NOAA extends beluga comment period
At the request of Alaska’s congressional delegation the National Oceanic and Atmospheric Administration has extended by 30 days the public comment period on the proposed designation of 3,000 square miles in Cook Inlet as critical habitat for the Cook Inlet beluga whale.
Alaska’s senators, Lisa Murkowski and Mark Begich, and its congressman, Don Young, jointly requested the extension in December, citing concern with economic and national security impacts and the fact that the public comment period, originally from Dec. 2 through Jan. 31, fell over “the seasonal holidays during which the attention of most Alaskans is rightly focused on their families and not issues of public policy.”

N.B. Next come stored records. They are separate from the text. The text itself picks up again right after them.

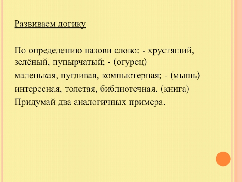 По определению назови слово: - хрустящий, зелёный, пупырчатый; - (огурец)
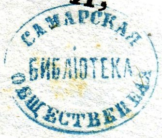 Штемпель: овальный, 23 х 27, в линейной рамке. Надпись: Самарская / библiотека / общественная |
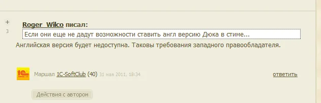 обидно конечно. но по сути как то посратенюшки. Ну будет у меня Дюк говорить голосом Шрека. Ну будут игру озвучивать 2.5 человека. Да как то пофиг. Я буду играть не ради голоса Дюка, а ради чумового экшена в этой игре. Главное, чтобы они своей озвучкой не запароли игру, а остальное как то пофиг. Я не оригиналоанглофил. Как по мне, главное чтобы я понимал суть. А если реально припрет, куплю игру с английской озвучкой.
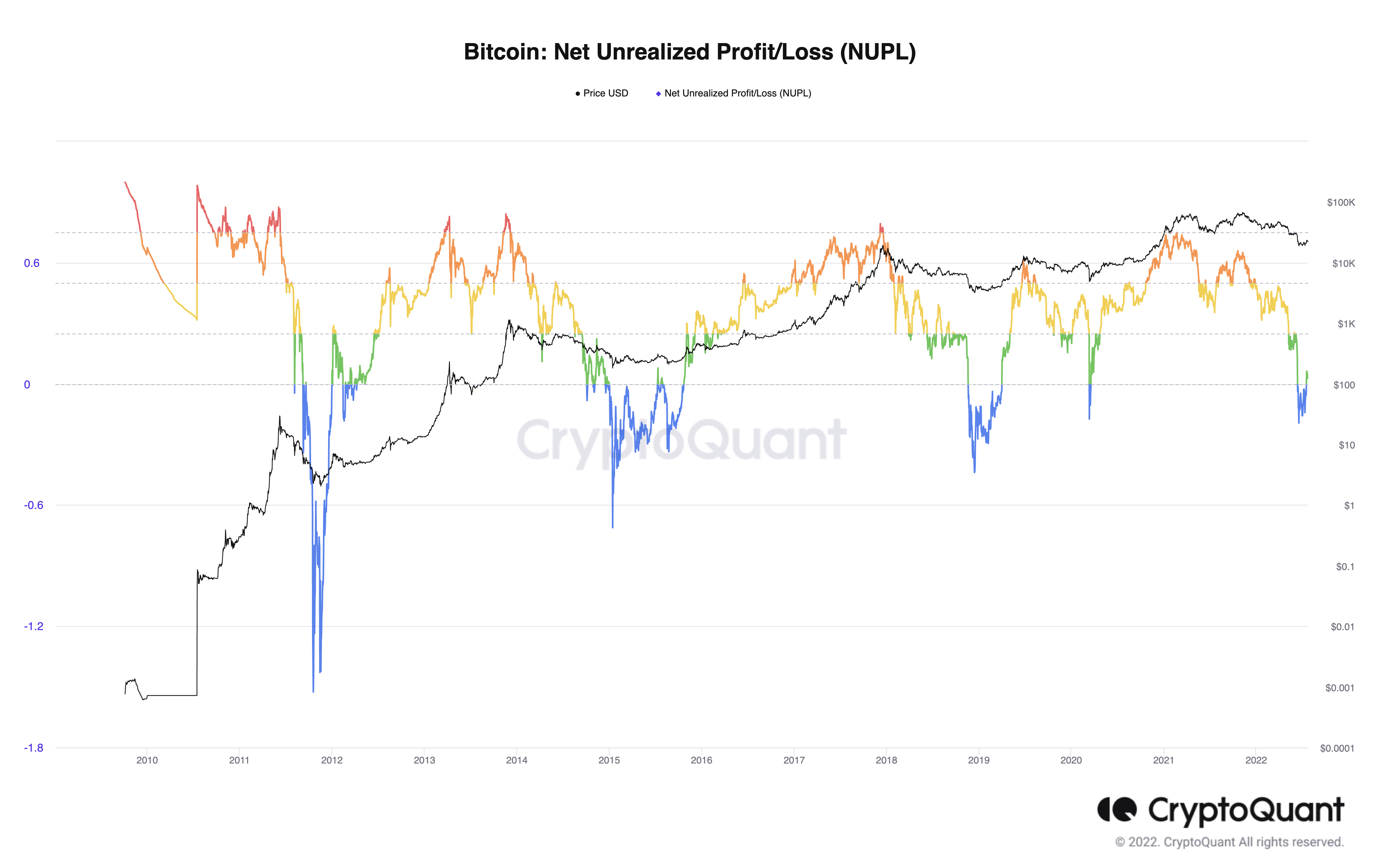 Another sign of a potential Bitcoin macro bottom comes from its net unrealized profit and loss (NUPL) indicator.
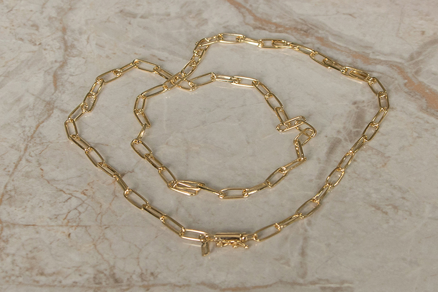 CORRENTE BANHADA EM OURO, ELO PORTUGUÊS 7mm DIÂMETRO, 1,90mm ESPESSURA, 45cm COMPRIMENTO E PESO 28,70g
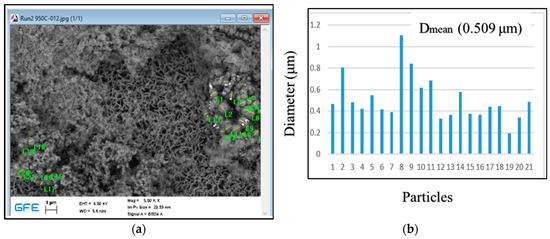 SEM analysis was performed on a sample derived from an industrial solution (Solution C) using USP at 950 °C with magnet collection as shown in Figure 10. The result indicated a multimodal distribution of particles. Particle sizes ranged from 0.194 to 1.101 μm, with a mean size of 0.509 μm. The presence of smaller particle sizes in the sample may lead to distinct magnetic, mechanical, and thermal properties, influenced by the precursor concentration, flow rate, and synthesis conditions. The SEM analysis and comparison of particle size distributions offer valuable insights into the material’s characteristics and behavior, relevant to various applications in magnetic, mechanical, and thermal systems, as shown in Figure 10.
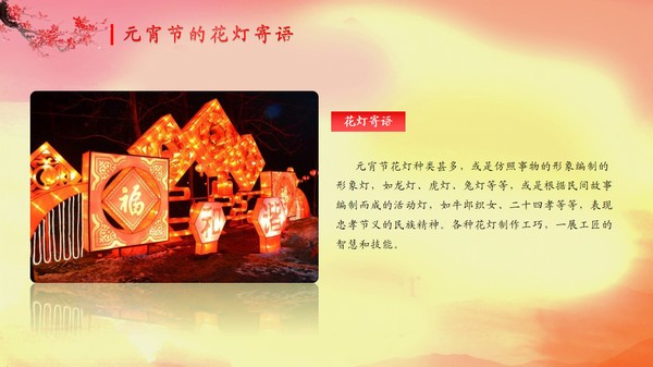 古典喜庆元宵节主题班会PPT模板软件所展示的资源内容均来自于第三方用户上传分享,您所下载的资源内容仅供个人学习交流使用,严禁用于商业用途,软件的著作权归原作者所有,如果有侵犯您的权利,请来信告知,我们将及时撤销。
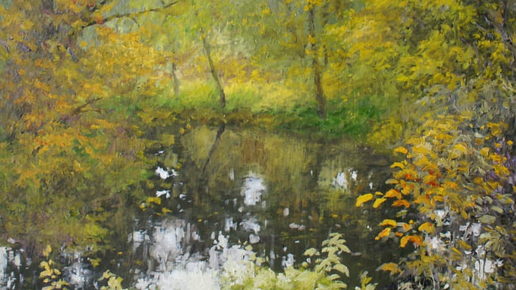 Сегодня Вашему вниманию картины нашего современника Сергея Дорофеева. Многогранность звучания его пейзажей предстанет в значении природных веяний. Как например в этой картине. Веяние, быть может, прежде — дуновение. В картине словно дыхание осени запечатлено. Удивительная воздушность в цвете и свете. Пруд в осеннем парении воздуха отражен. В его волшебном осеннем сиянии. Деревья продолжают впечатление, воздушностью листвы восхищая, при этом будто напоминая о недавнем солнечном летнем свете. И в этом пейзаже дыхание природы словно запечатлено...
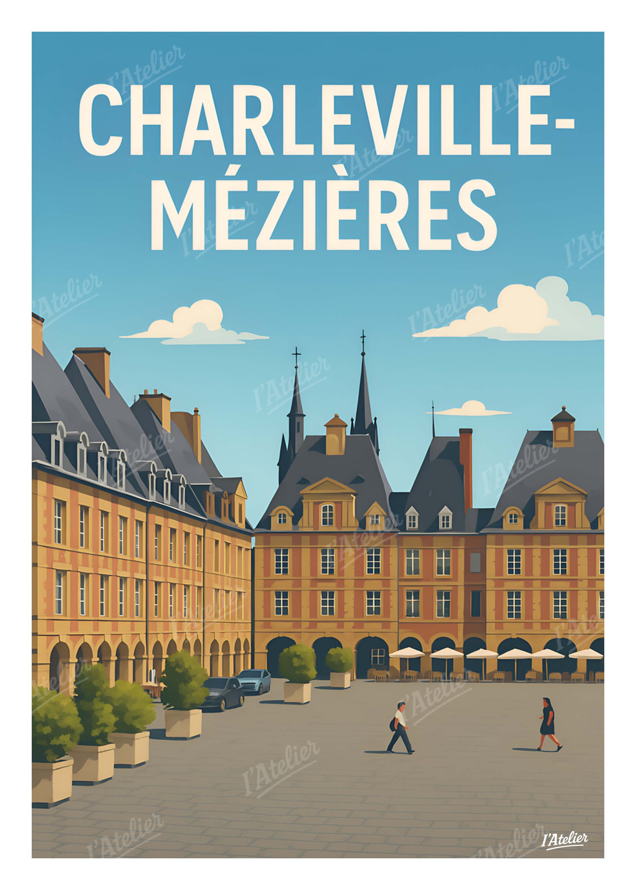 Plongez dans l’atmosphère charmante de Charleville-Mézières avec cette affiche décorative de I’Atelier, un poster vintage qui met en lumière l’élégance intemporelle de la célèbre place Ducale et son architecture harmonieuse au cœur des Ardennes. Entre façades chaleureuses, arcades baignées de lumière et silhouettes flânant sur la place, cette scène illustrée évoque la douceur d’un après-midi en ville, où l’histoire se mêle au calme d’un espace ouvert. Une ambiance apaisante, presque musicale, qui rappelle le rythme tranquille des journées carolomacériennes. Cette illustration au style vintage est imprimée en France sur un papier Mat haute qualité 170 g/m². Elle apporte à votre intérieur une atmosphère douce, urbaine et lumineuse, idéale pour personnaliser un salon, un bureau ou tout espace inspiré par les villes historiques. Apportez une touche de Charleville-Mézières à votre décoration murale avec cette illustration rétro signée I’Atelier.
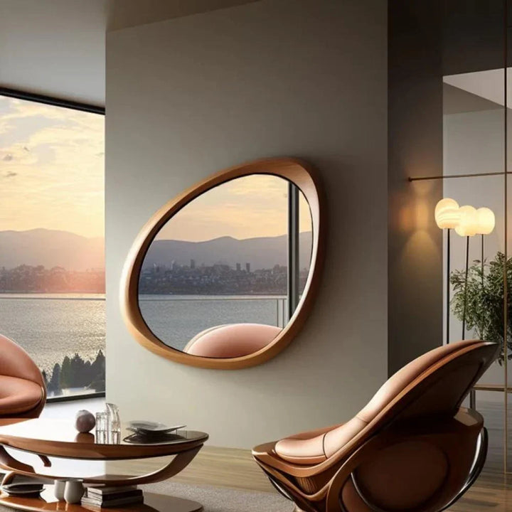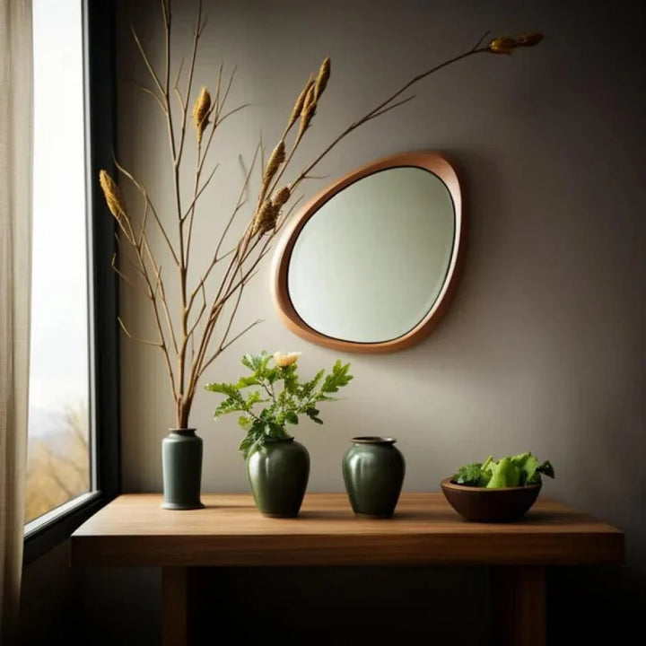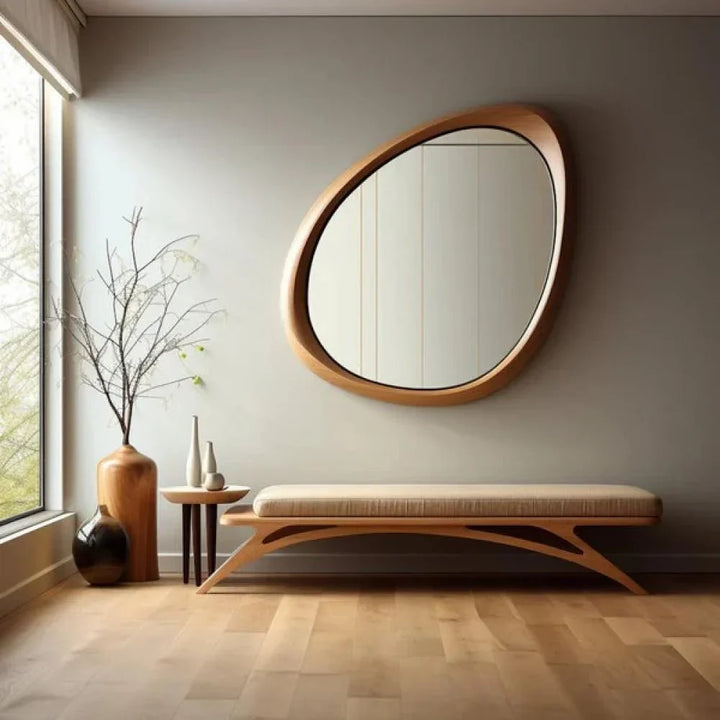 ارفع من مستوى ديكور منزلك مع هذه المرأة الفنية التي تتجاوز حدود التصميم التقليدي. إطارها الخشبي الأنيق يمنحها شكلاً انسيابيًا، مما يجعلها قطعة فنية آسرة ومركز اهتمام في أي غرفة. إنها ليست مجرد مرآة، بل تحفة فنية مصممة لتكون انعكاسًا لذوقك الرفيع

The delegation requested the extension Dec. 23, telling NOAA Administrator Jane Lubchenco that while NOAA has statutory timelines for determining critical habitat, “we are concerned about taking such action without adequate analysis of the economic and national security consequences of this designation.”
NOAA’s National Marine Fisheries Service listed the Cook Inlet beluga whale as endangered in October 2008 and published its proposed critical habitat designation Dec. 1.
The habitat area encompasses all of upper Cook Inlet, all of Knik Arm and Turnagain Arm, the middle part of Cook Inlet to south of Kalgin Island, Kachemak Bay and nearshore areas of the western coast of lower Cook Inlet.
The new comment deadline is March 3.